«Les filles et les garçons»: drame collectif

Marilyn Castonguay trouve ici un rôle complexe à sa juste mesure.
Photo: Suzane O'Neill Marilyn Castonguay trouve ici un rôle complexe à sa juste mesure.

Une femme sans nom entre sur scène en coup de vent, l’air effrayé et étonné. Rapidement, elle reprend contenance, allume son micro et, à l’aide d’une musique entraînante, elle s’étire, entre dans son corps et s’adresse à nous à la manière d’un stand-up pour raconter sa rencontre avec celui qu’elle nommera « le père de mes enfants ». La proposition a de quoi surprendre dans les premières minutes, mais elle prendra tout son sens à la fin de la pièce, nous invitant à revoir tout ce qui précède sous un angle nouveau.

Les filles et les garçons, pièce créée à Londres en 2018, est dans l’air du temps : en effet, Dennis Kelly y évoque les questions de masculinité toxique, des rôles traditionnels dans le couple et des rapports étroits entre société et violence : « Comment on pourrait se comprendre si on comprend pas la violence ? » La question hante les murs de La Licorne et paraît plus essentielle que jamais.

Marilyn Castonguay, qui brille dans des rôles plus effacés depuis celui de Mascha dans Villa Dolorosa en 2013, joue ici dans son premier spectacle solo. Porter sur ses épaules durant presque deux heures ce texte exigeant de Kelly est un défi colossal ; dire qu’elle se révèle ne serait pas rendre justice au talent qu’on lui connaît déjà, mais l’actrice trouve ici un rôle complexe à sa juste mesure.
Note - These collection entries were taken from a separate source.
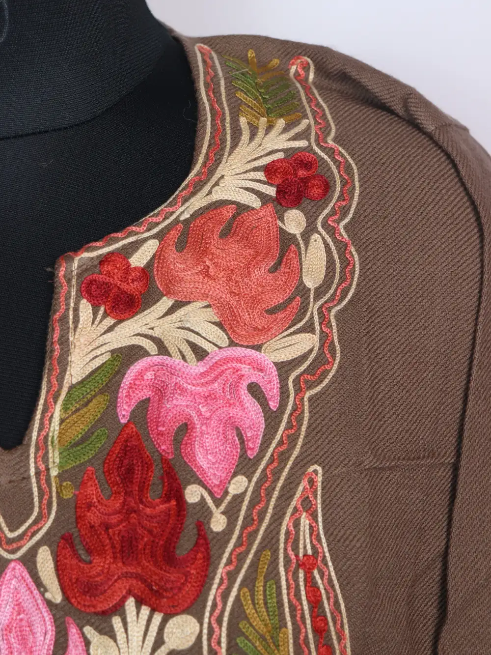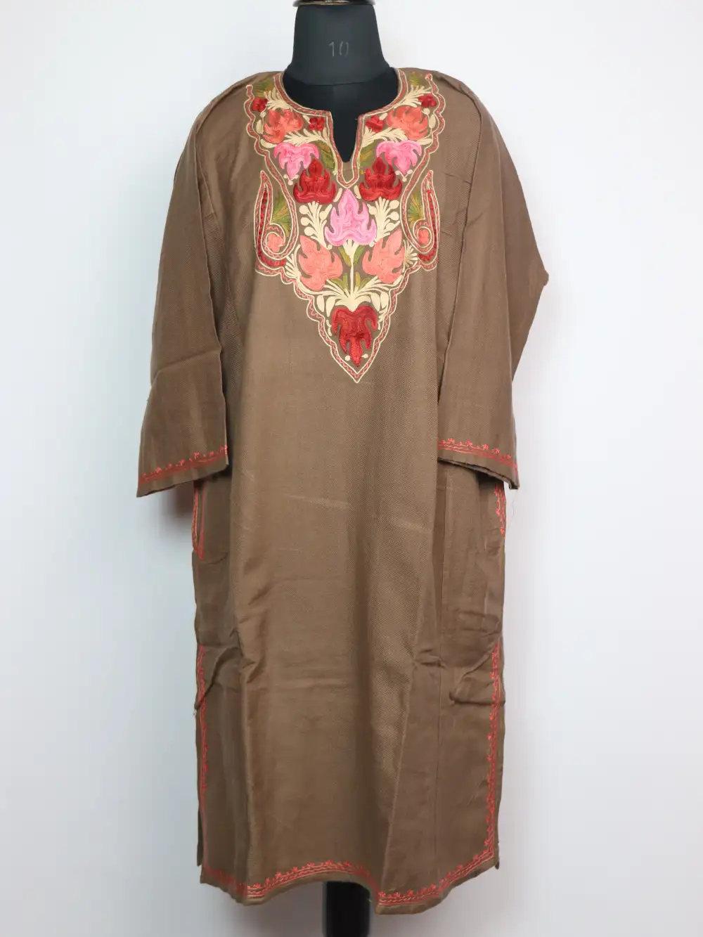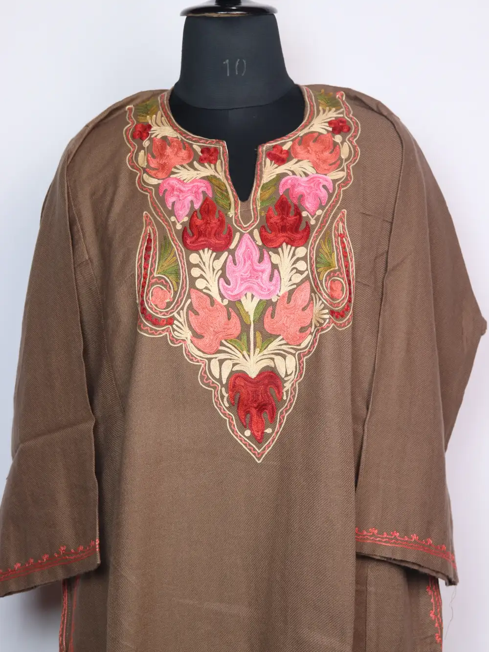 Comfortable cashmilon wool makes this firan perfect for cold weather, and the chinari aari kadhai around the neckline adds a lovely traditional charm.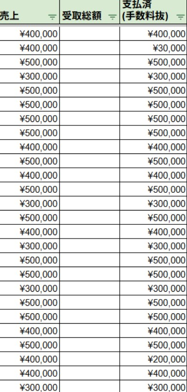 売上60万ちょいで手数料20%引かれてこの金額です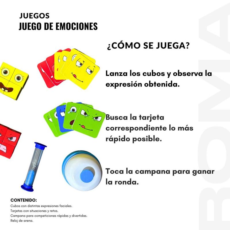 Incluye: Cubos con distintas expresiones faciales, tarjetas con situaciones y retos, y campana para competiciones rápidas y divertidas.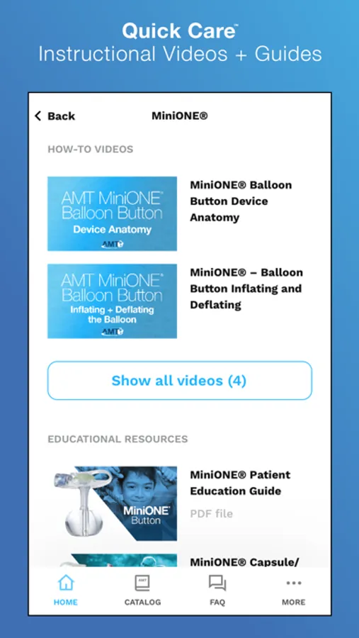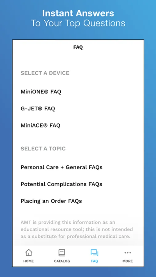 - Quick Care™: Easily explore and learn about AMT’s devices with FAQs and How-To Videos.

Tantôt confiante, fragile, grivoise ou encore épuisée, Castonguay tient le public en haleine dans une brillante performance qui culmine dans la dernière demi-heure où elle demeure bien groundée sur scène sans presque bouger, en contrôle de toutes ses émotions et de son corps. C’est pour et avec elle qu’on s’émeut.

Le texte de Kelly alterne entre le récit de la Femme sur son couple et des scènes « dialoguées » avec ses enfants (Léanne et Danny), sur lesquelles il restera longtemps une incertitude : sont-ce des souvenirs réels ou des fabulations complètes ? Malgré l’absence concrète des enfants (« Je le sais qu’ils sont pas là », dira la Femme), leur présence n’en est pas moins notable et essentielle. Le metteur en scène Denis Bernard orchestre habilement le tout avec sobriété et fluidité, entre autres lorsqu’il s’agit de passer d’un niveau narratif à l’autre, aidé par les lumières vaporeuses de Julie Basse.

Les constats sociologiques que pose Kelly sont durs (ils feront sûrement réagir dans certains milieux). Le texte avance par effets d’échos et de répétitions, il sème ses indices çà et là, rendant les ficelles du récit parfois un peu trop voyantes. Le dramaturge a d’ailleurs l’intelligence de le reconnaître et de mettre en abîme son propre dispositif narratif pour le commenter à quelques reprises. Le drame (il sera horrible, il faut le dire) n’en est pas moins troublant par son actualité, fort par sa capacité à libérer autrement la parole victimaire.

Au fil du spectacle, la Femme ouvre petit à petit les deux immenses panneaux coulissants qui protègent le mur du fond, révélant à chaque fois un peu plus son appartement. Avec ces gestes, c’est toute la mécanique du souvenir et du deuil qui se met en place pour nous laisser entrer dans son intimité. Difficile de dire à quel point l’entreprise est réparatrice pour elle ; pour nous, c’est le lieu d’un choc qui perdurera longtemps.

Les filles et les garçons

Texte : Dennis Kelly. Traduction : Fanny Britt. Mise en scène : Denis Bernard. À La Licorne jusqu’au 22 février.